● INSTRUCTIONS FOR THE TASK
Leave out any picture and return the remaining listing below exactly as given.

● THE DATA
- Opening Delimiter -
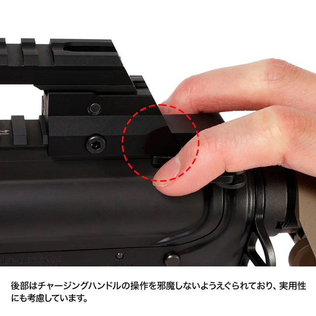 ピカティニーレイルを搭載した銃に取付け可能なキャリングハンドル風ハイマウントレイルです。高さを2mm間隔で5段階に調整でき、一番低い状態だと取付ける銃のレイル上面から29.2mm、一番高い状態で37.2mmの高さになります。さらにレイル部は大、中、小の3パーツで構成しており、中レイルを取外し全長を短くしたり、小レイルとクランプパーツを取外し片持ち状態で使用したりとプレイバリューの高い製品になっています。外観はM4系のキャリングハンドルを近代化したイメージでデザインしており、中レイルを抜いた状態でM4系の銃に取付けるとアッパーレシーバー上に綺麗に収まります。また、後部はチャージングハンドルの操作を邪魔しないようえぐられており、実用性にも考慮しています。
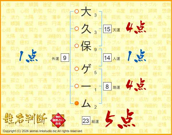 大久保ゲームさんの天運は15画の4点!
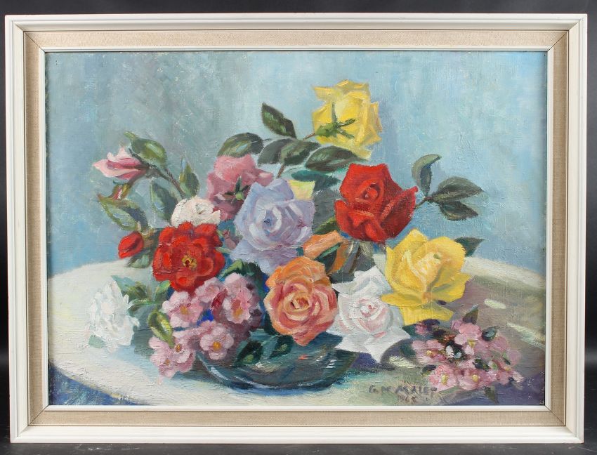 GINETTE DE MALET ROQUEFORTBowl of roses and other flowersoil on canvas,signed and dated 196550.5 x 40.5cm
- Closing Delimiter -
● WORKED SOLUTION
 ピカティニーレイルを搭載した銃に取付け可能なキャリングハンドル風ハイマウントレイルです。高さを2mm間隔で5段階に調整でき、一番低い状態だと取付ける銃のレイル上面から29.2mm、一番高い状態で37.2mmの高さになります。さらにレイル部は大、中、小の3パーツで構成しており、中レイルを取外し全長を短くしたり、小レイルとクランプパーツを取外し片持ち状態で使用したりとプレイバリューの高い製品になっています。外観はM4系のキャリングハンドルを近代化したイメージでデザインしており、中レイルを抜いた状態でM4系の銃に取付けるとアッパーレシーバー上に綺麗に収まります。また、後部はチャージングハンドルの操作を邪魔しないようえぐられており、実用性にも考慮しています。
 大久保ゲームさんの天運は15画の4点!
 GINETTE DE MALET ROQUEFORTBowl of roses and other flowersoil on canvas,signed and dated 196550.5 x 40.5cm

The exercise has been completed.